What's wanted is a faithful retyping of every entry, pictures excluded.

● ● ●

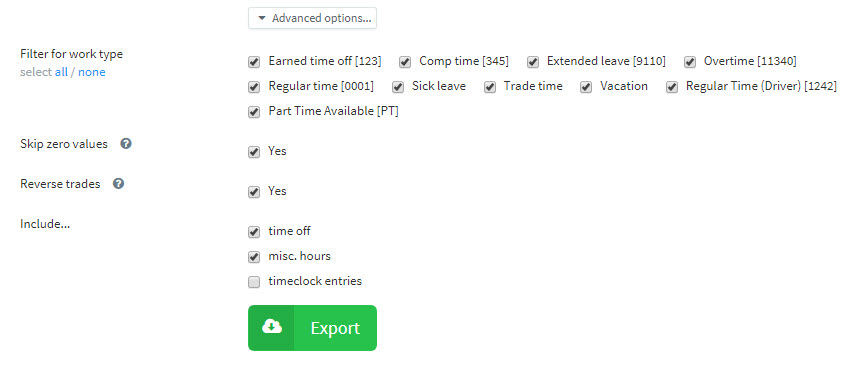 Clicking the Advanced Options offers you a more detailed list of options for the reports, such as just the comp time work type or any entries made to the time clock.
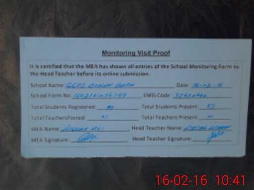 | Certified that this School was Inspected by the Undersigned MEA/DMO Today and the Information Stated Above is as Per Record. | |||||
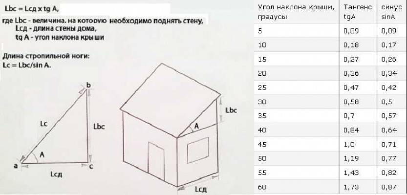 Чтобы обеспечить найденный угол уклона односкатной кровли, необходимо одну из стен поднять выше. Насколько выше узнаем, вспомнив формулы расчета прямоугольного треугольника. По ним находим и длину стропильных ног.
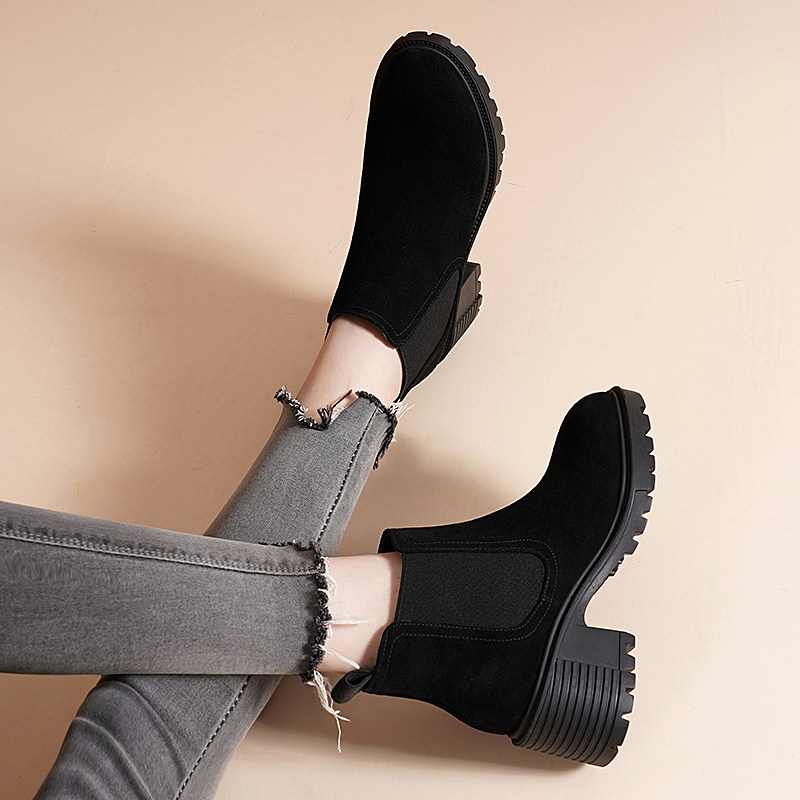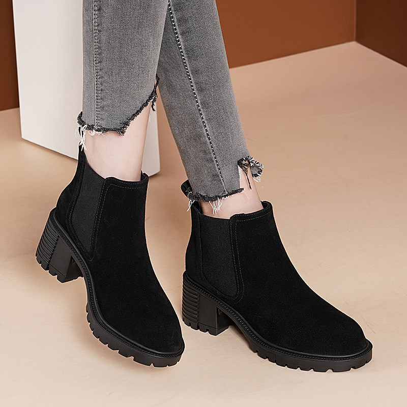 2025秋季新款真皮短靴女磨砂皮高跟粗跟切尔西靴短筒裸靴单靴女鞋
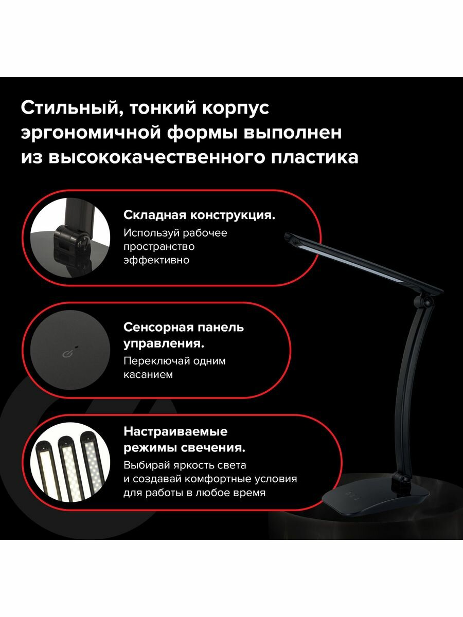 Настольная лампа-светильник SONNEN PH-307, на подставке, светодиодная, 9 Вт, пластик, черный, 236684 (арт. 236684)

● ● ●

Output of the exercise -
 Clicking the Advanced Options offers you a more detailed list of options for the reports, such as just the comp time work type or any entries made to the time clock.
 | Certified that this School was Inspected by the Undersigned MEA/DMO Today and the Information Stated Above is as Per Record. | |||||
 Чтобы обеспечить найденный угол уклона односкатной кровли, необходимо одну из стен поднять выше. Насколько выше узнаем, вспомнив формулы расчета прямоугольного треугольника. По ним находим и длину стропильных ног.
 2025秋季新款真皮短靴女磨砂皮高跟粗跟切尔西靴短筒裸靴单靴女鞋
 Настольная лампа-светильник SONNEN PH-307, на подставке, светодиодная, 9 Вт, пластик, черный, 236684 (арт. 236684)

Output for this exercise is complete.